In a ‘major milestone’ for the Affordable Care Act, 30% of Medicare payments are now done through alternative payment models.
Hardly a year after declaring its ambitious policy to tie reimbursement to quality of care, the U.S. Department of Health and Human Services declared on the day of March 3 that 30% of Medicare payments are now tied to alternative payment models, like ACOs.
The target was reached almost a year ahead of schedule, in accordance to HHS, which touts the fact that more than ten million Medicare sufferers are now getting higher-quality and more coordinated care.
In the month of January 2015, HHS set big targets to move thrity of Medicare to value-based arrangements by the end of the year 2016. With 121 latest ACOs declared in the month of January, along with higher contributor participation than hoped in other alternative payment programs, the agency claims it has already achieved it.
Its thanks in large part to Affordable Care Act-enabled initiatives like the Medicare Shared Savings Program and the CMS (Center for Medicare and Medicaid) Innovation, which permitted for the testing of latest cost- and quality-conscious APMs, stated HHS Secretary Sylvia Burwell.
“Making better the quality and affordability of care for entire Americans has always been a pillar of the Affordable Care Act, alongside extending access to health care,” claimed Burwell in a statement. “The law offers us the tools to put sufferers at the center of their care, improve quality and help make care more affordable over the long term.”
At HIMSS16 this week, more than 40,000 healthcare experts from around the country gathered in the state of Las Vegas, many of them here to learn about technologies and methods that can assist them to acquire the benchmarks essential for value-based payment models: interoperability tools for more coordinated and connected care, data analytics for population health, patient engagement technology and more.
“We reached this target in partnership with the thousands of contributors who collaborated with us in innovation,” claimed Patrick Conway, MD, deputy administrator for innovation quality and chief medical officer at CMS, in a statement. “It is in our common interest – as patients, contributors, businesses, health policies, taxpayers – to develop a health care delivery system that delivers better care; spends health care dollars more wisely; and makes people and communities healthier.”
There are 477 Medicare ACOs participating in the Shared Savings Program and the Pioneer ACO Model combined.
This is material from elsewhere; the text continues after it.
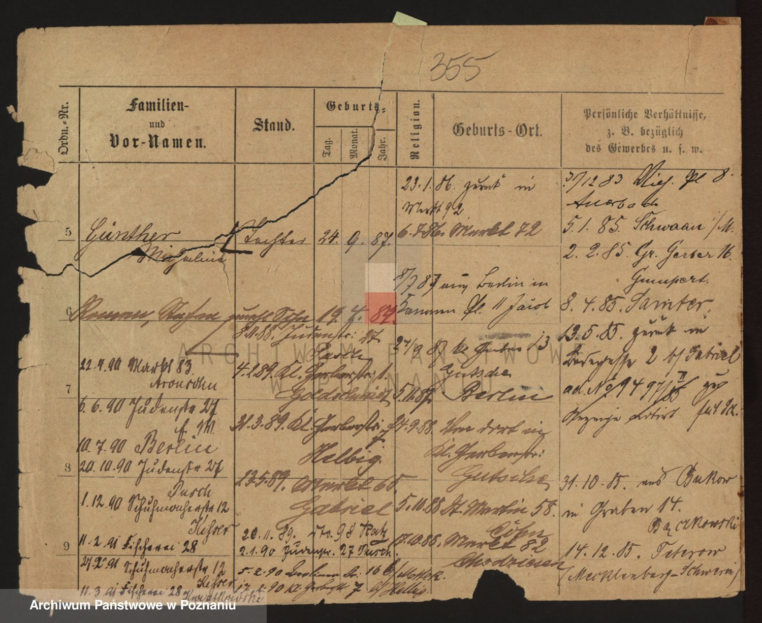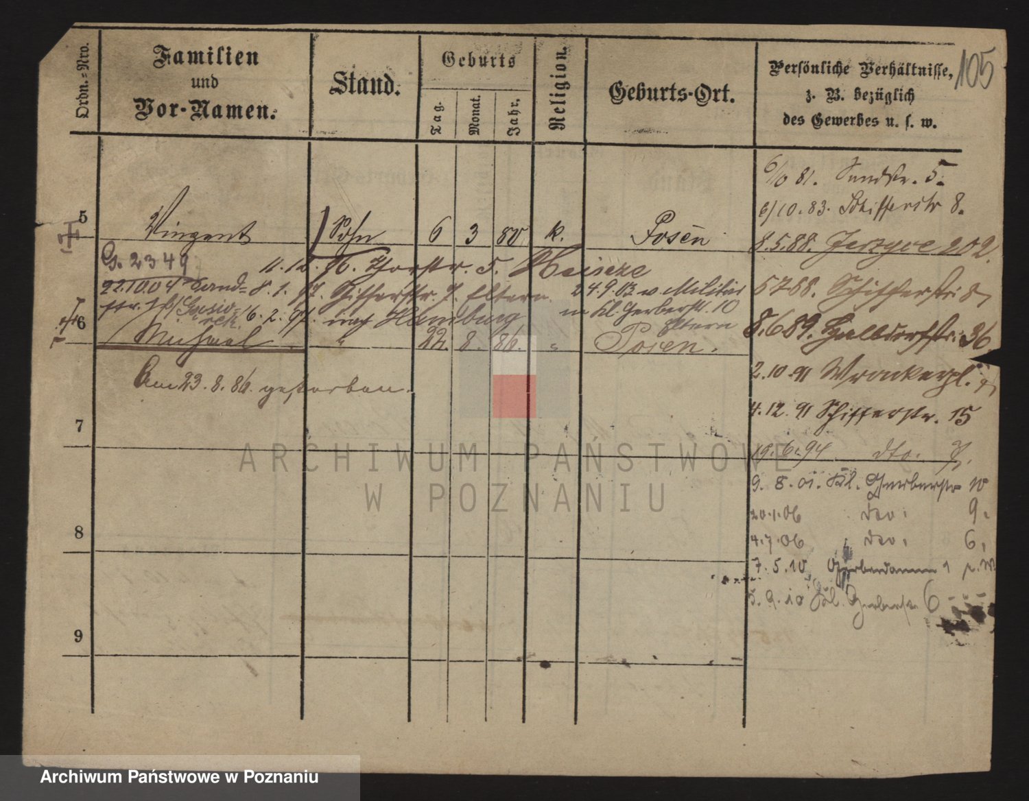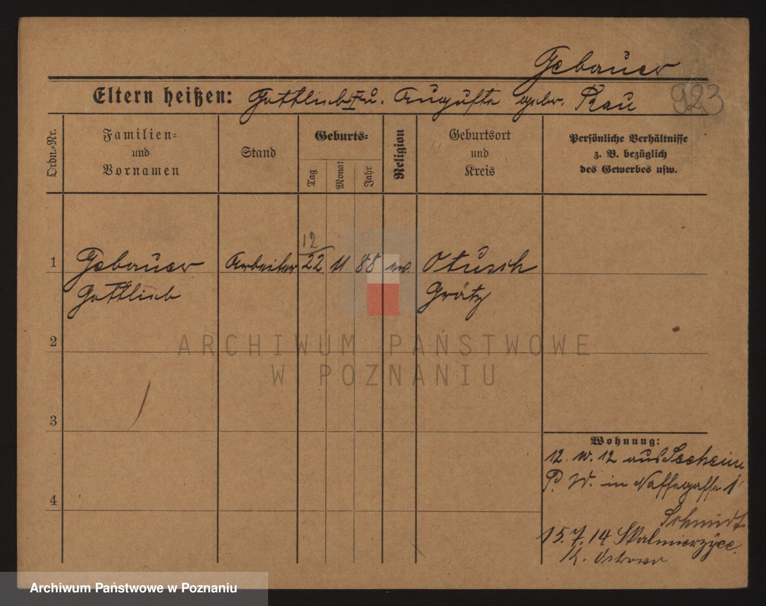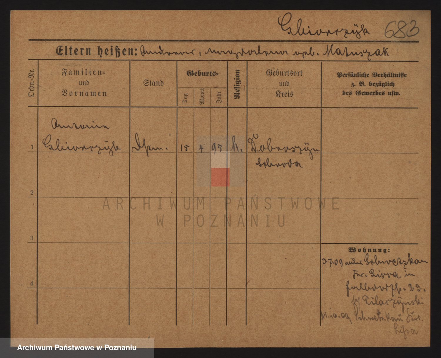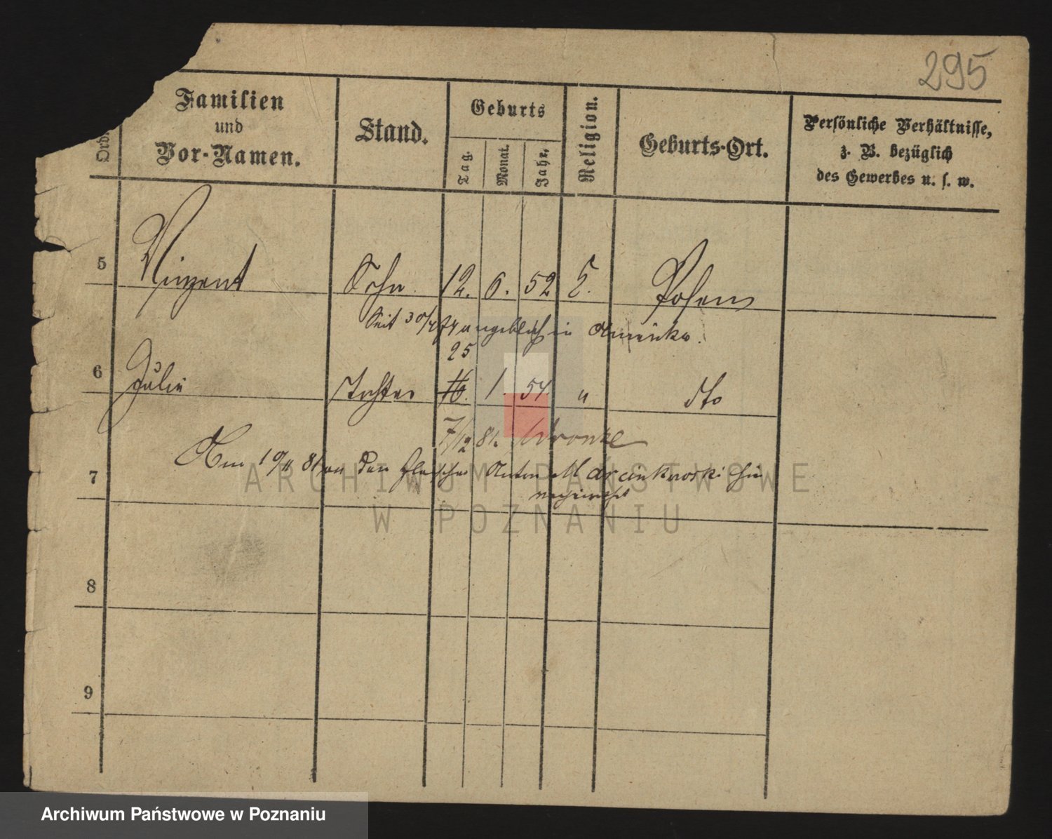Podgląd karty osobowej dostępny jest po kliknięciu na nazwisko lub ikonkę karty. Można dokonywać powiększenia (ikony na górze) lub przechodzić między kolejnymi skanami (strzałki po bokach).

In the year 2014, these programs produced a total net savings of $411 million. ACOs represent about 3 quarters of development toward the target declared today, in accordance to HHS, which says these gains will sustain to rise over the course of the year, with the initiation of the Comprehensive Care for Joint Replacement model and the Oncology Care Model in the year 2016.
Today’s assumptions and estimates were evaluated by the independent Centers for Medicare & Medicaid Services Office of the Actuary, which multiplied the number of Medicare beneficiaries in alternative payment models by the anticipated cost of their care, then comparing that figure to projected Medicare fee-for-service spending. As of the month January 2016, CMS estimates roughly $117 billion out of a projected $380 billion Medicare fee-for-service payments are tied to APMs.